Deuxième faiblesse : Aujourd'hui, toute forme de contestation à
l'échelle internationale se teinte d'antiaméricanisme
(« surexposition ») et non seulement parce que les Américains traiteraient
avec mépris et arrogance les autres pays mais aussi parce que dans de
nombreuses crises internationales, les Américains, pour des motifs plus ou
moins empreints de bonne conscience, sont les seuls à vouloir assumer et
organiser une intervention extérieure.
Des attentats commis contre des intérêts américains dans les années 90, parmi
lesquels ceux de Oussama ben Laden. Le 11 septembre 2001 frappe les
capitales politique et économique des Etats-Unis. Guerre asymétrique, d’un
genre nouveau, mené par un réseau contre un Etat. Ces attentats montrent
aussi les fragilités des Etats-Unis, frappés sur leur sol. Le président George W.
Bush (président depuis janvier 2001) prépare la riposte : guerre contre les
Talibans, qui abrite les principaux membres du réseau. Octobre-novembre
2001 : opération américaine en Afghanistan, avec le soutien de la communauté
internationale. La nouvelle politique étrangère des Etats-Unis est toute entière
résumée par la guerre au terrorisme. Lire texte de George W. Bush, page 136.
Définition de l’ « axe du Mal ». Légitimation de la guerre préventive ; enfin,
autre différence avec la guerre de 1990-1991, le néo-conservatisme
américain souhaite exporter les idées et les pratiques qui fondent la
culture américaine.

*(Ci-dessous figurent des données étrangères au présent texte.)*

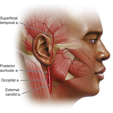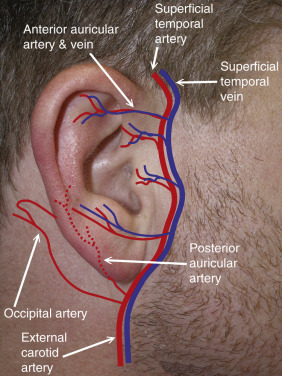 The anterior arterial blood supply to the ear is primarily derived from the external carotid artery via the superficial temporal branch. The superficial temporal vessel exits the parotid capsule and passes under the anterior auricular muscle and divides into superior, medial, and inferior branches to supply the anterior surfaces of the auricle. The posterior auricular artery branches from the external carotid artery and runs parallel to the posterior auricular crease, deep to the posterior auricular muscle and greater auricular nerve. The posterior auricular artery (a branch of the external carotid) supplies the posterior surface of the ear and also has superior, medial, and inferior branches. The posterior ear also has arterial contribution from the mastoid branch of the occipital artery (a branch from the external carotid) ( Figs. 8.11 , 8.12 ).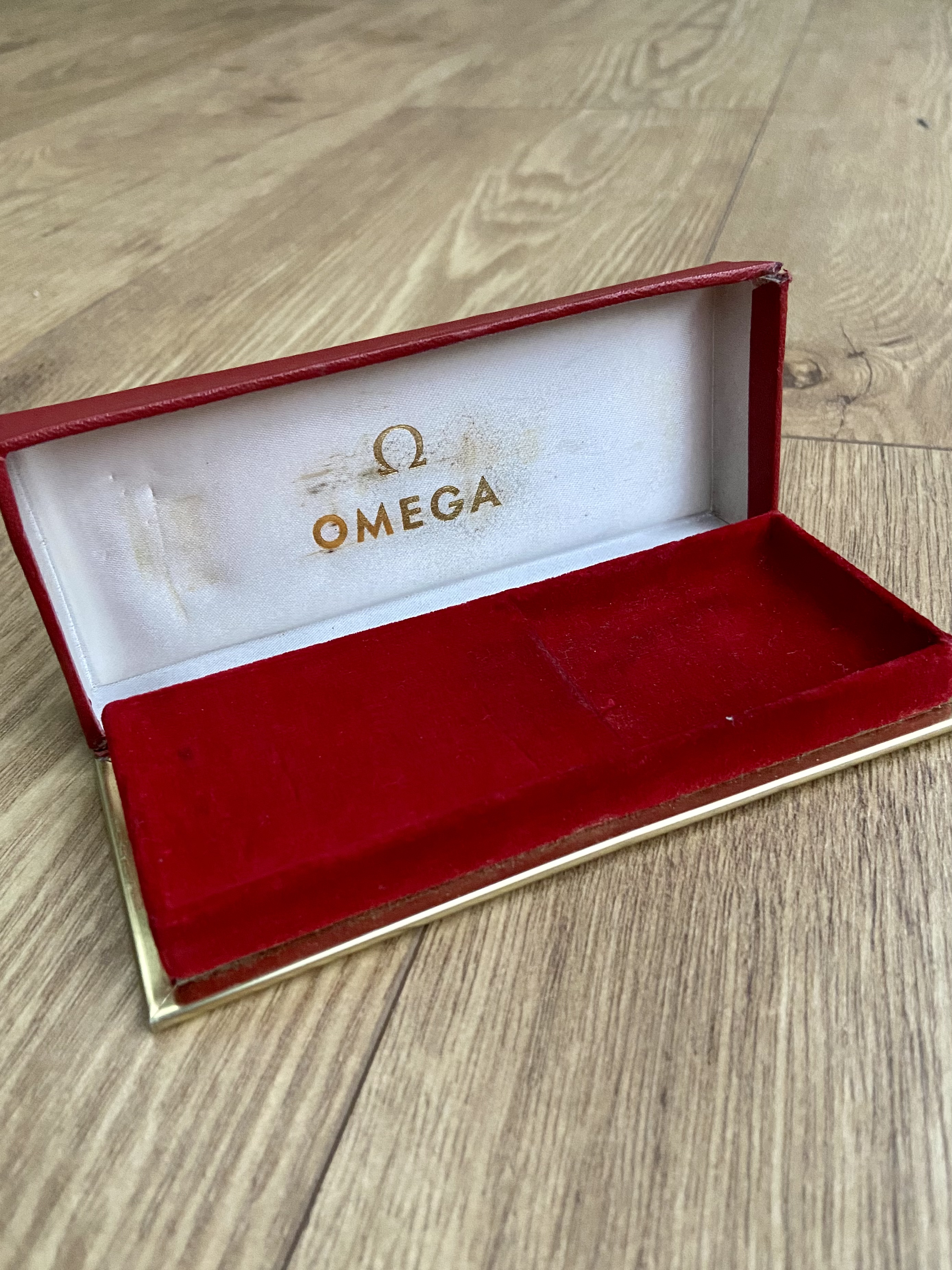 3. SOLD Vintage Omega Red box without reference number, c.1960’s. Exact same dimensions as box 1501 so is also suitable for vintage Speedmasters etc.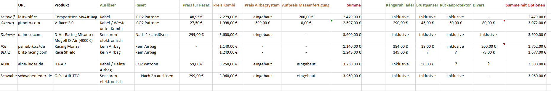 Ich habe eine ähnliche Liste wie du oben, meine Entscheidung fällt auf Leitwolf mit Airbag. Das verwendete Helite System macht für mich den besten Eindruck.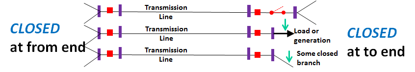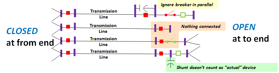 - Search starting at the device terminals traverse branches with Status = Closed looking for closed breakers, generation, or load (switched shunts are excluded here)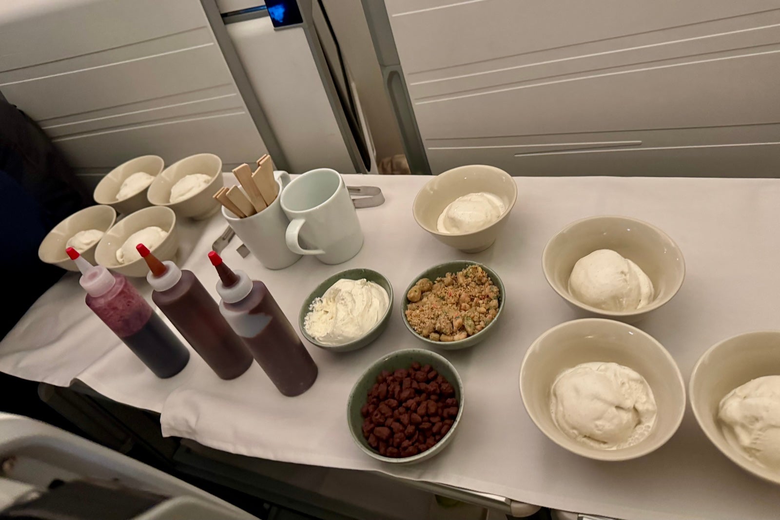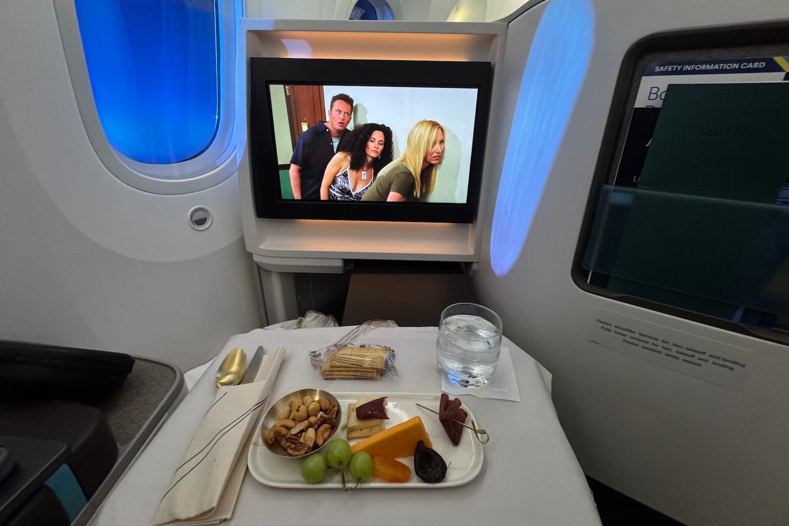 Also, the same: the 34 enclosed business-class suites, which — yes — have the sliding privacy doors that have become the standard up front, along with 18-inch screens, phone-charging pouches, in-suite mood-lighting and, of course, lie-flat beds.

La guerre d’Irak décidée en 2003 malgré les protestations
d’une grande partie de la communauté internationale (France, Allemagne,
Russie, Moyen-orient, Chine) et sans l’accord de l’ONU a renforcé
l’unilatéralisme américain (refus du protocole de Kyoto, refus de la CPI créée
en 1998). Si dans un premier temps, l’intervention américaine se solde par un
succès rapides, l’armée est confrontée aujourd’hui à une situation très difficile,
avec des pertes élevées. De plus la menace terroriste n’a pas disparu et
l’islamisme pourtant en perte de vitesse en sort renforcé (l’Irak, une base
territoriale pour les terroristes, sans parler du nord Pakistan). Une partie de la
société américaine commence aujourd’hui se retourner, comme le montrent les
dernières élections. Au total, la deuxième guerre du Golfe a sans doute
révélé que le monde contemporain n’est plus tout à fait unipolaire car il
est impossible à une seule puissance de contrôler l’ensemble de la
planète ; mais il n’est pas encore multipolaire car aucune puissance
n’est aussi complète que la superpuissance américaine. Le retour de la
Russie et l’affirmation de la puissance chinoise ne laisse cependant pas
place au doute : les Etats-Unis ne sont plus seuls, contrairement au
début des années 1990.
Dans son essai intitulé Après l'empire,essai sur la décomposition du système américain paru aux éditions
Gallimard en 2002, le démographe Emmanuel Todd formule, lui, l'hypothèse que l'Amérique
consomme ce que le monde produit et que le pays vit de l'accaparement d'une richesse extérieure
sans autre contrepartie que l'entretien d'un appareil militaire prêt à intervenir sur tous les terrains
abritant les marchés sensibles : tout se passe, selon l’auteur, comme si les EU recherchaient le
maintien d’un certain niveau de tension internationale, une situation de guerre limitée mais
permanente, par exemple en exagérant la menace terroriste pour se rendre indispensables et
perpétuer leur présence multiforme dans toutes les régions du monde. Les Etats-Unis, pose
franchement l’auteur, sont-ils encore utiles au monde depuis la fin de la guerre froide ? Si ces
derniers ont exercé un « impérialisme positif » en luttant contre les totalitarismes, « les Etats-Unis
sont en train de devenir pour le monde un problème ».